When I first heard about OpenForum Europe six years ago, there was an extremely bad reason: OFE's chief executive (back then and still today), Graham Taylor, had lobbied European politicians to support software patents, and he falsely claimed that he represented the open source community.

That claim was refuted by Bruce Perens, the author of the original Open Source Definition, in an op-ed published by TheRegister. Bruce wrote that Graham Taylor "does not have the credentials to represent the Linux, Open Source and Free Software developer communities, especially when he contradicts our extremely strong opposition to software patenting."

The FFII knew that Graham acted as an astroturfer at the behest of IBM and other OFE members, but tried to engage in a facts-based dialog with Graham Taylor. The FFII wrote two open letters to him, and the introductory paragraph of an FFII page on OFE starts with the following strong and accurate statement:
Open Forum Europe is lobbying the European Parliament in the name of "open source companies" in order to make software directly patentable and to ensure that interoperable software may not be written.

Graham Taylor is not the only OFE executive to have been criticized harshly by the FFII. Paul Meller, now research and communications director at the OFE, was probably disliked by the anti-software-patent movement more than any other Brussels-based reporter writing in English. The FFII accused him of repeatedly spreading "extreme misinformation", alleging "a large number of errors and lack of objectivity", and even less flattering things were said on certain mailing lists.

While I also found that his articles were in most cases overly sympathetic to the positions of those pushing for software patents, there are explanations. Some of his articles appeared in the New York Times, others on IDG's website, so with a view to professional audiences he felt he had an obligation to listen to both sides of the argument. Unfortunately, one of those sides (the pro-patent camp) made a very professional PR effort from the beginning whereas the FFII didn't always handle its communications very well (as its core activists admitted at the time). I had several facts-based, constructive conversations with Paul at different points in time. Now, of course, he's no longer independent.

ECIS: ten commandments for the EU but none for its own members

The key person driving all of ECIS' efforts as its lawyer and spokesman is Thomas Vinje, a partner at Clifford Chance. He was also invited to speak at the OFE Summit on Thursday and unlike the host organization, he made it very clear that the EU's Digital Agenda and the current draft of the European Interoperability Framework fell short of his expectations. He didn't speak there in the name of ECIS but again, he is ECIS whether or not he formally introduces himself on that basis.

Thomas Vinje went on to propose ten ways to modify the document in order to make it meet the objectives ECIS considers important. A single one would have been sufficient: abolish software patents.

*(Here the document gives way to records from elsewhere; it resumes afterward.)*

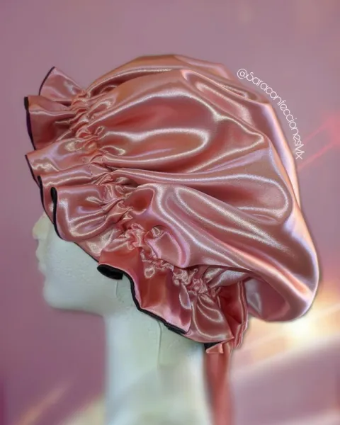 Bonet satinado reversible. Al estar hecha 100% de seda, no se crea fricción en el pelo y evita el desgaste, reduciendo de esta manera el frizz y dejando nuestro cabello suave y brillante.🙆🏻♀️💕Tenemos color palo de rosa con negro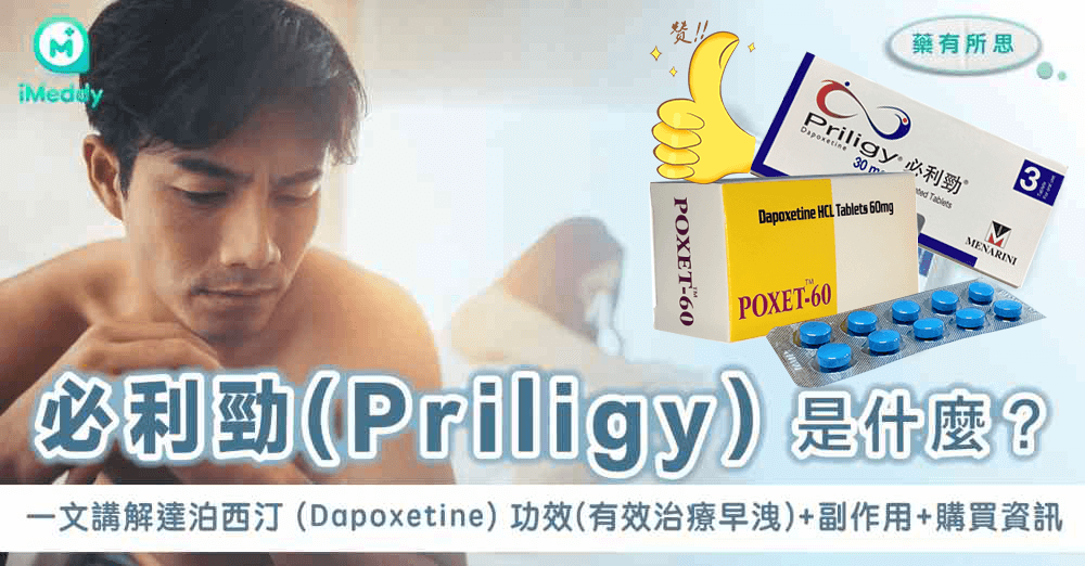 必利勁(Priligy),學名 達泊西汀(Dapoxetine),是全球首款也是目前唯一獲得 台灣與多國藥品監管單位批准 用於治療 早洩(Premature Ejaculation, PE) 的專用處方藥。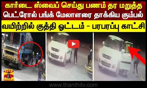 கார்டை ஸ்வைப் செய்து பணம் தர மறுத்த பெட்ரோல் பங்க் மேலாளரை தாக்கிய கும்பல்.. வயிற்றில் குத்தி ஓட்டம்-பரபரப்பு காட்சி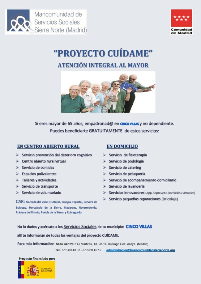 PARA MUNICIPIOS DE MENOS DE 250 HABITANTES ÚLTIMAS NOTICIAS PROYECTO CUIDAME SERRADA DE LA FUENTE Nombre Dirección Horario Telefono Centro de Salud Cinco Villas C/ de la Iglesia, 2 Medico: Viernes de 10:00 a 12:00… Leer más PROYECTO CUIDAME CINCO VILLAS PARA MUNICIPIOS DE MENOS DE 250 HABITANTES ÚLTIMAS NOTICIAS PROYECTO CUIDAME CINCO VILLAS Nombre…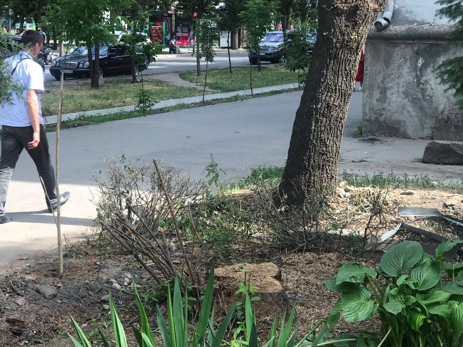 По ее словам, перед приездом мэра с инспекцией на соседний объект рабочие начали рубить сухое дерево, но по пути вырубили и все живое — кусты и цветы, которые только начали цвести.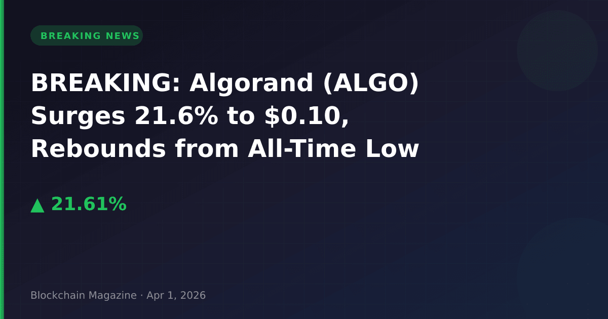 Algorand (ALGO) has posted a significant 21.6% price increase over the past 24 hours, reaching $0.100983 as of April 1, 2026, according to market data. The layer-1 blockchain protocol is showing strong recovery momentum after touching an all-time low of $0.080092 just three days ago on March 29.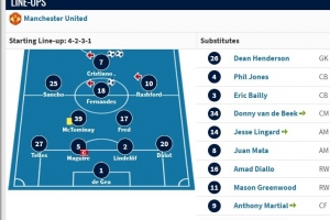 替补席则是:迪恩·亨德森、菲尔·琼斯、拜利、范德贝克、林加德、马塔、阿玛德、格林伍德、马夏尔。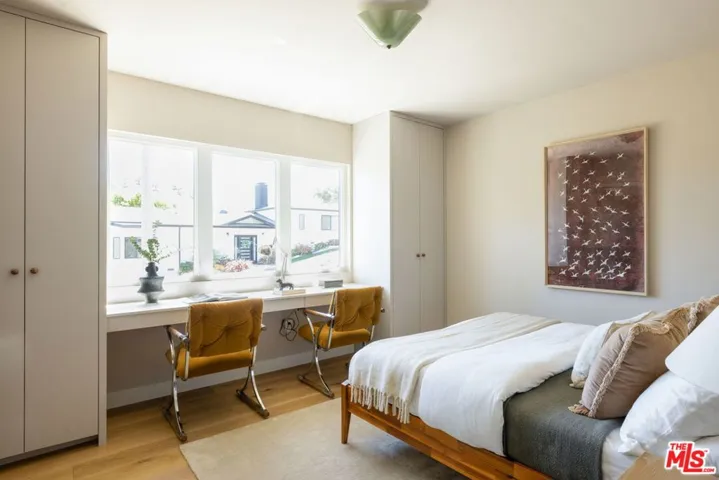 A rare View Park retreat designed for elevated California living. Thoughtfully reimagined by Vein Design and expertly built by CCS Construction, this private compound blends refined design with effortless livability behind an understated exterior.The property unfolds into a custom 4-bedroom, 4-bath main residence, a detached fully equipped pool house, and expansive, beautifully landscaped grounds featuring an outdoor kitchen, multiple lounging areas, and a sparkling pool.At the center of the home, the living room anchors everyday life and entertaining alike. Sun-filled and expansive, it features wide-plank wood floors and a striking sculptural plaster fireplace, creating a warm focal point that seamlessly connects the kitchen and opens directly to the outdoors perfect for indoor-outdoor gatherings and relaxed California living. The adjacent kitchen is designed to impress, offering professional-grade stainless steel appliances, handcrafted cabinetry, and a generous quartzite peninsula ideal for hosting. Just beyond, a substantially sized pantry, linen storage, and a tucked-away laundry room provide exceptional functionality rarely found in homes of this caliber. Custom millwork leads down the hallway to two bedrooms with a shared Jack-and-Jill bath, each thoughtfully designed with built-in desks overlooking the street. A stylish powder room with a statement cork wall adds a memorable design moment for guests. The primary suite is a true sanctuary, opening to a private flagstone patio ideal for morning coffee or evening unwinding. The spa-like bath and thoughtfully designed walk-in closet offer both beauty and ample storage. Downstairs, a private en-suite bedroom with its own entrance offers flexibility for guests, work-from-home needs, or income potential. An oversized two-car garage provides direct access to the home. Outdoors, the pool house delivers a kitchenette, Malm wood-burning fireplace, and full bath, opening to a sun-drenched deck. Host BBQs, lounge poolside, pick lemons and figs, or enjoy family time on the manicured lawn. Multiple terraces and built-in seating make every corner feel intentional and inviting. Curated, distinctive, and designed with lifestyle in mind, this exceptional estate is ready to welcome you home. Main house: 2,381 sq ft | Pool house: 343 sq ft (per floor plan)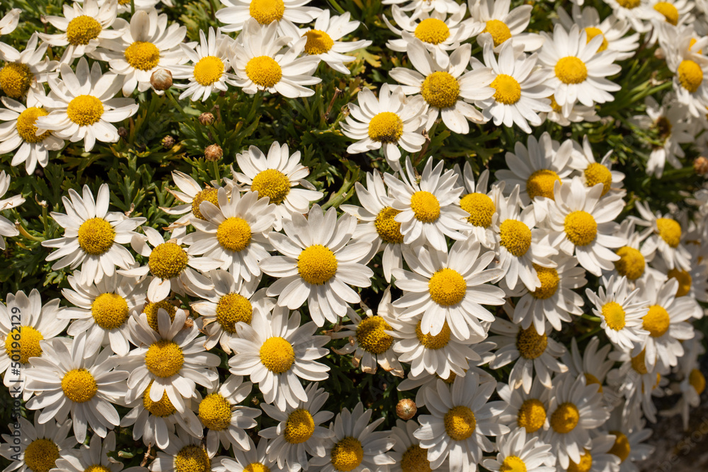 fiori di camomilla appena fioriti nel prato del giardino a primavera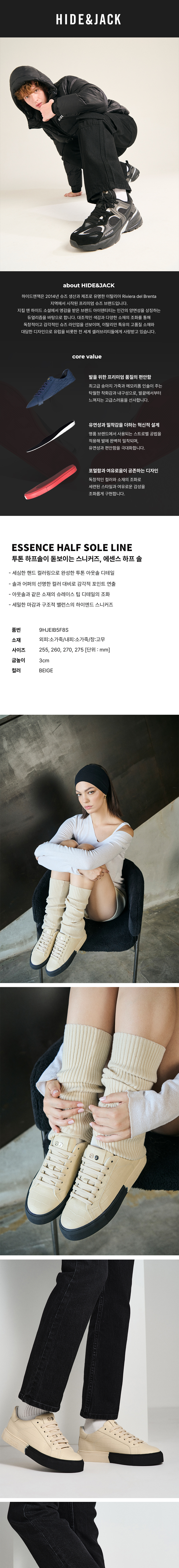 하이드앤잭 에센스 하프 솔 스니커즈-베이지

Given where ECIS' members stand, it's no surprise he won't say that.

But he certainly forgot to insert an extremely important commandment in front of all others: do as you say.

Why doesn't ECIS hold its own members to the same standards it advocates?

Either there isn't any code of ethics in place for its members or it isn't any good, because otherwise IBM would have to be excluded from the organization given that it promotes interoperability only in markets in which IBM stands to gain from it but refuses to be interoperable and open where it generates half of its profits.

The same could be said about OFE as well: if you're serious about openness and interoperability, you have to demand that IBM provide interoperability right here and now, or you have to exclude the black sheep of the family. IBM probably pays you (and ECIS) a lot in membership dues but that's only your problem. If you don't get your house in order, you can't expect political decision-makers to buy your claims.